# TASK INSTRUCTIONS:
For the listing that follows, give again exactly the lines from the one with "文远知行工程师郜宇飞向长江日报记者介绍自动驾驶出租车。记者肖僖 摄" to the one with "しっかりお話を聞き、一生懸命に「アヒルの体操」の練習をしていました。", including both.

------------------------------------

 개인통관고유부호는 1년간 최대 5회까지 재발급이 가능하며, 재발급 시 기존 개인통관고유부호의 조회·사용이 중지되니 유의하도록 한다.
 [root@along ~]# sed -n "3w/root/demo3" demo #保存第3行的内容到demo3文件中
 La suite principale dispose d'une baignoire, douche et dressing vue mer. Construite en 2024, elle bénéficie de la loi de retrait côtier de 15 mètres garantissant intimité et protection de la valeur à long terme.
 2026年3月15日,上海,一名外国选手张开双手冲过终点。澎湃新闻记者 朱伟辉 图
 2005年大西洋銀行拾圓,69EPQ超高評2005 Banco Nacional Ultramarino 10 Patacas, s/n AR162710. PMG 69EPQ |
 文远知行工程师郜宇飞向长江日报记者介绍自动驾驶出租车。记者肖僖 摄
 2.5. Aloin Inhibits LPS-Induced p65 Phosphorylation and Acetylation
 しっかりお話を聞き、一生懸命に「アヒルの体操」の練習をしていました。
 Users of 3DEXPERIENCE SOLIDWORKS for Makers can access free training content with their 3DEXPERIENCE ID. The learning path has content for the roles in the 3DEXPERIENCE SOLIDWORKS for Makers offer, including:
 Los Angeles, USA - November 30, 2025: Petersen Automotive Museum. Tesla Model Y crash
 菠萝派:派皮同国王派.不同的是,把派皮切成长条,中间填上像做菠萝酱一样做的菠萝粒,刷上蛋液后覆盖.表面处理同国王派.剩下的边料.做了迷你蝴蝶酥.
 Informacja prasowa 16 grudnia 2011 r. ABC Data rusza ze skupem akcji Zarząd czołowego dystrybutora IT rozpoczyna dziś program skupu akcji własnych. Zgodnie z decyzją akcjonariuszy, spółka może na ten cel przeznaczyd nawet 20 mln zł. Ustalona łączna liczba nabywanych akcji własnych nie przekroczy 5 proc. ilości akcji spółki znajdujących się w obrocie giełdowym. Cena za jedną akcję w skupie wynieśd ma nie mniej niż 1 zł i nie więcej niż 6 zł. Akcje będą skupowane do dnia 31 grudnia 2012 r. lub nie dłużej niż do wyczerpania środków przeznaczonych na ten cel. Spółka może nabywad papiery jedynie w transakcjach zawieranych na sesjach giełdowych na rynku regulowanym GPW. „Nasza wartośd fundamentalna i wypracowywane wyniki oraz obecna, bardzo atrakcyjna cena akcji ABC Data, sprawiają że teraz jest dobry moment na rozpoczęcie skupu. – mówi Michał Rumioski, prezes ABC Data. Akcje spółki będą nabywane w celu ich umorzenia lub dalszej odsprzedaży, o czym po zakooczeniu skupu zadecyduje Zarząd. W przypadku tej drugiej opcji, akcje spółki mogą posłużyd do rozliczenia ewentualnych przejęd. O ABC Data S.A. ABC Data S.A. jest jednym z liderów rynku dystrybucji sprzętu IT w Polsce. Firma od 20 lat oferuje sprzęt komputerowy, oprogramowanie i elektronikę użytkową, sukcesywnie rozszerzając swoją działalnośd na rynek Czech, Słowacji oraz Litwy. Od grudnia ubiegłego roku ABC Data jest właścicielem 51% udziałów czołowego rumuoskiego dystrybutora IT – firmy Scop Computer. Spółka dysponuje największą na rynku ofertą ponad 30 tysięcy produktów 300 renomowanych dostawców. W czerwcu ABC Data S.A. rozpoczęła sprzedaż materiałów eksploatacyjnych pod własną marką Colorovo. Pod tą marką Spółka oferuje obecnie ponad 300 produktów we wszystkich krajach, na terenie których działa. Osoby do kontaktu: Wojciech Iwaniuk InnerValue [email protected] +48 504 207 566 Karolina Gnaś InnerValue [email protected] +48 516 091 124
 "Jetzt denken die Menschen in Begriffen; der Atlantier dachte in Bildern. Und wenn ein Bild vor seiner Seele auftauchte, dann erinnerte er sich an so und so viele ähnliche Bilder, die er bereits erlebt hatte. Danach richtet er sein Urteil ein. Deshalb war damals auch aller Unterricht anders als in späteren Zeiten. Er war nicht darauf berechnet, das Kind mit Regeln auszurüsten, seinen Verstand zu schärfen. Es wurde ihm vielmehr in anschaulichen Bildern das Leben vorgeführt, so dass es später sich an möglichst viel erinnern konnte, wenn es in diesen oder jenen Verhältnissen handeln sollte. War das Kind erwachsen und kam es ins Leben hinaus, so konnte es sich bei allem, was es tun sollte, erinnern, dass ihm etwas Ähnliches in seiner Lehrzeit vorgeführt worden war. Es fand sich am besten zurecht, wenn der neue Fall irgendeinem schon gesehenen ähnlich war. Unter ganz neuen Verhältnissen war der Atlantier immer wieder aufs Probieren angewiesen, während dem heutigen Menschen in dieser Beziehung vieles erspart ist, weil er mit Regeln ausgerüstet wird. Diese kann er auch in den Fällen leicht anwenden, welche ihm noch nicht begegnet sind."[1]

------------------------------------

# RESPONSE:
 文远知行工程师郜宇飞向长江日报记者介绍自动驾驶出租车。记者肖僖 摄
 2.5. Aloin Inhibits LPS-Induced p65 Phosphorylation and Acetylation
 しっかりお話を聞き、一生懸命に「アヒルの体操」の練習をしていました。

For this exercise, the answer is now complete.